Sunday(9.25), Creation, an Expression of Love
 Nature in its present condition carries an ambiguous message that mingles both good and evil. Rosebushes can produce lovely and fragrant roses but also harmful and painful thorns. A toucan can impress us with its beauty and then dismay us by assaulting the nests of other birds and eating their frail chicks. Even human beings, who are capable of kindness one moment, can be vicious, hateful, even violent in the next. No wonder that in the parable of the wheat and the tares, the servants asked the field owner, “Sir, did you not sow good seed in your field? How then does it have tares?” (Matt. 13:27, NKJV) And the owner replied, “An enemy has done this” (Matt. 13:28, NKJV). Likewise, God created the universe perfect, but an enemy defiled it with the mysterious seeds of sin.
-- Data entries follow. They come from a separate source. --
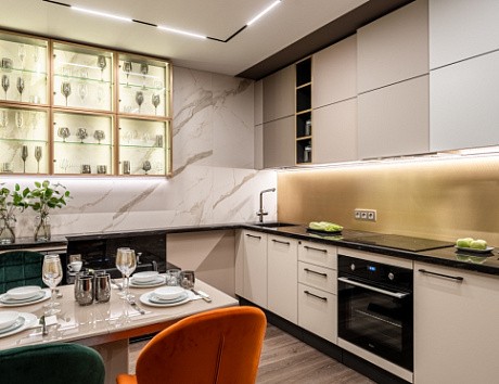 4. Серые кухни, бежевые или другие светлые эффектно сочетаются со светлым полом. Он требует постоянного ухода, но выглядит очень стильно.
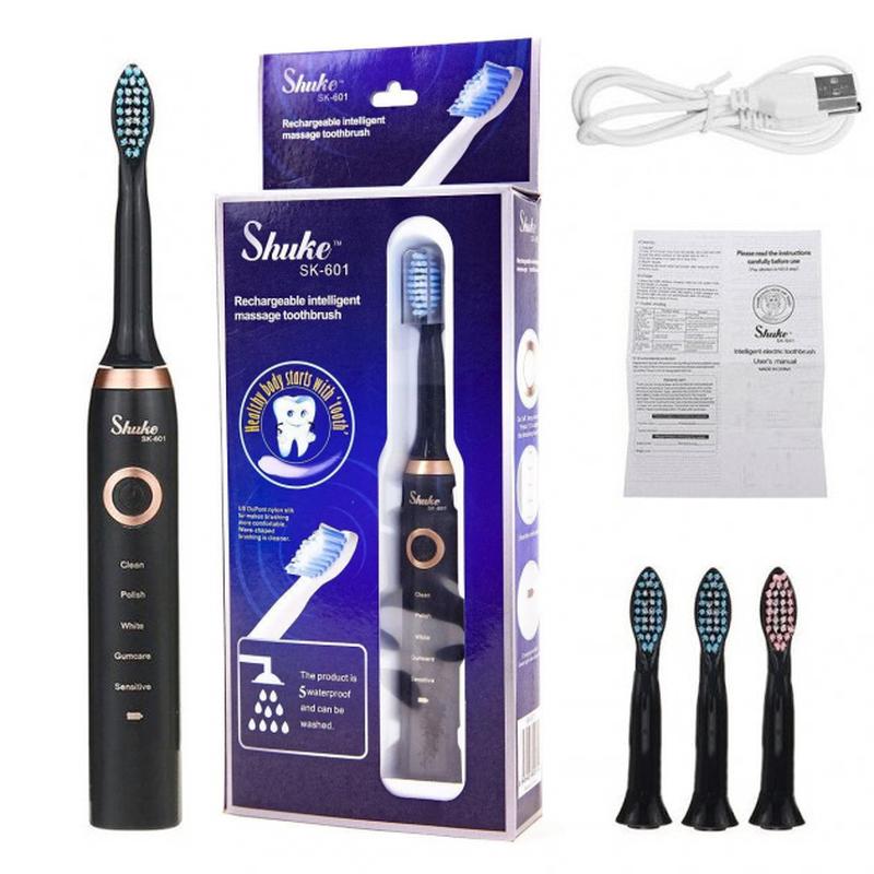 Электрическая щетка shuke sk-601 аккумуляторная. ультразвуковая щетка для зубов + 3 насадк...
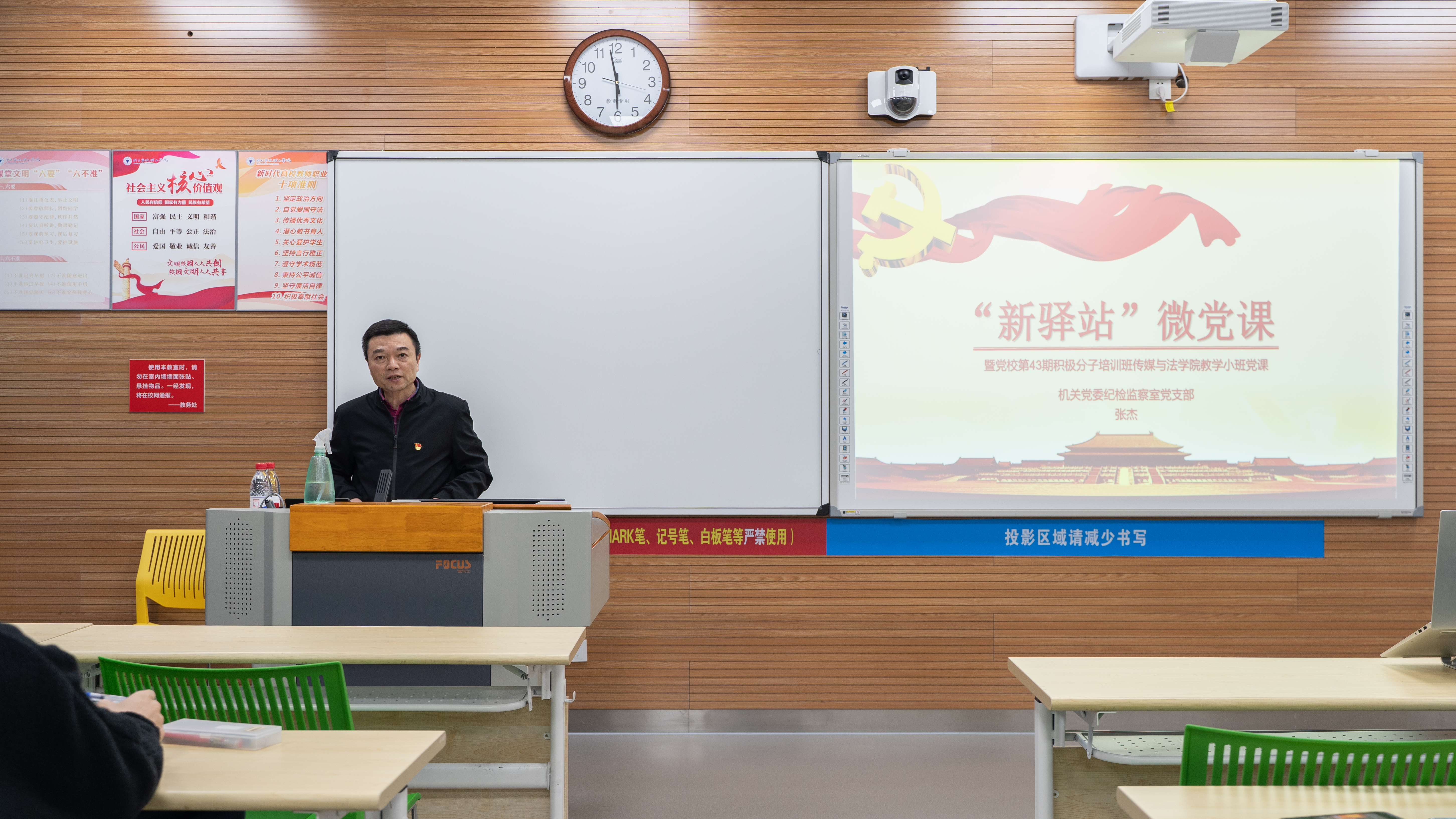11月15日晚18:00,机关党委纪检监察室党支部书记张杰在NB112教室讲授以“党的纪律建设及纪律要求”为主题的微党课,传媒与法学院第43期入党积极分子培训班学员、传媒与法学院各学生党支部纪检委员参加了此次微党课学习。

 Read 1 John 4:8, 16. What can the certainty that “God is love” tell us about the nature of His creative activities?


 The fact that “God is love” (1 John 4:8, 16, NKJV) conveys at least three basic implications. First, love by its very nature cannot exist closed in itself but must be expressed. (What kind of love is not expressed?) God’s love is shared internally among the Three Persons of the Godhead, and externally in His relationship with all His creatures. Second, all that God does is an expression of His unconditional and unchangeable love. This includes His creative works, His redemptive actions, and even the manifestations of His punitive judgments. Actually, “God’s love has been expressed in His justice no less than in His mercy. Justice is the foundation of His throne, and the fruit of His love.” — Ellen G. White, The Desire of Ages, p. 762. And third, since God is love and all He does expresses His love, He cannot be the originator of sin, which is in direct opposition to His own character.


 But did God really need to create the universe? From the perspective of His sovereignty, one could say “No,” because it was a decision of His free will. But from the perspective of His loving nature, He wanted a universe as a means of expressing His love. And how amazing that He created some forms of life, such as humans, not only capable of responding to God’s love but also capable of sharing and expressing love, not just to God but to others, as well. (See also Mark 12:30, 31.)

 Look around at the created world. In what ways can you see in it reflections of God’s love, despite the ravages of sin? How can we learn to draw lessons of hope from the expression of God’s love revealed in the Creation?